## Information provided

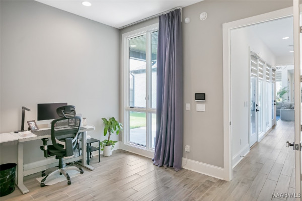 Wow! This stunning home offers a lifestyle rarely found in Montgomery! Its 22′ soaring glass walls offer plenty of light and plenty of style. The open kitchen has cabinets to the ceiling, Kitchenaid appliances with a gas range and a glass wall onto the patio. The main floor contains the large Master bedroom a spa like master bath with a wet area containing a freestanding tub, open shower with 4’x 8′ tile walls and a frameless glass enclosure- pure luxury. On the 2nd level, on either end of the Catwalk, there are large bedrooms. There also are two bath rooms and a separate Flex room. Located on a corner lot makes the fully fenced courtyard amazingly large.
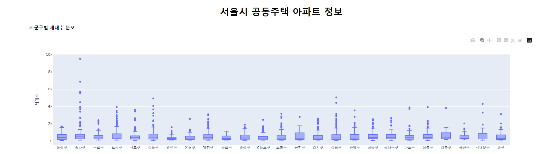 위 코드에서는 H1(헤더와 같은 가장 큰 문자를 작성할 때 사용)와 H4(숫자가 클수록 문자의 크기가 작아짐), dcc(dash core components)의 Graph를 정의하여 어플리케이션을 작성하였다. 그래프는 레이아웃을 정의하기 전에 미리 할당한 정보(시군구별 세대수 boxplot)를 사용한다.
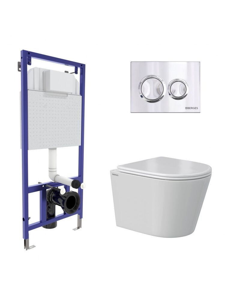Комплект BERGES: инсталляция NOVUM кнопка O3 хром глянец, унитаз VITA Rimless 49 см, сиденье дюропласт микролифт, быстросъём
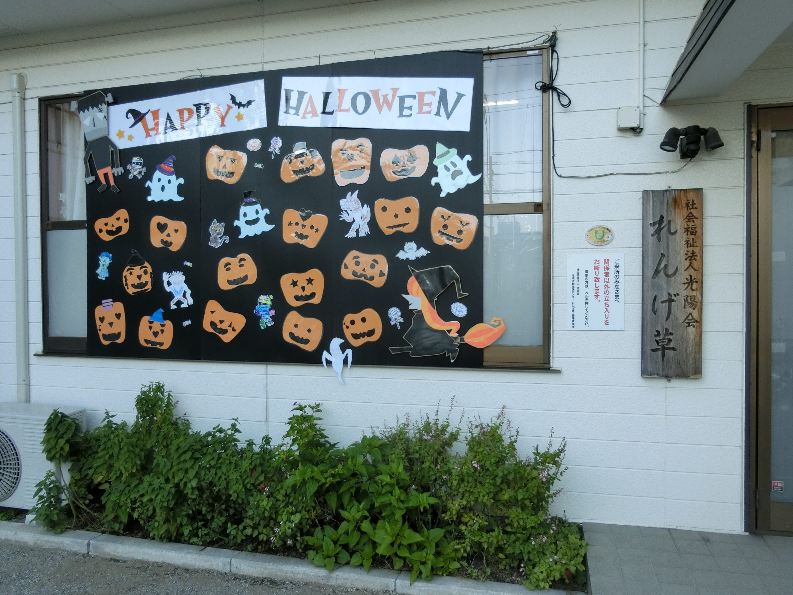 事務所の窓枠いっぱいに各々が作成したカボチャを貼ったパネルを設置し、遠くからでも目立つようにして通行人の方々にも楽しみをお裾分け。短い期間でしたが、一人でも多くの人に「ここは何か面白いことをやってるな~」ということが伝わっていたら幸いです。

## Task goal
Please restate, word for word, the lines from the one with "Комплект BERGES: инсталляция" through the final line of the material, both included, and omit the pictures.

## Your solution
Комплект BERGES: инсталляция NOVUM кнопка O3 хром глянец, унитаз VITA Rimless 49 см, сиденье дюропласт микролифт, быстросъём
 事務所の窓枠いっぱいに各々が作成したカボチャを貼ったパネルを設置し、遠くからでも目立つようにして通行人の方々にも楽しみをお裾分け。短い期間でしたが、一人でも多くの人に「ここは何か面白いことをやってるな~」ということが伝わっていたら幸いです。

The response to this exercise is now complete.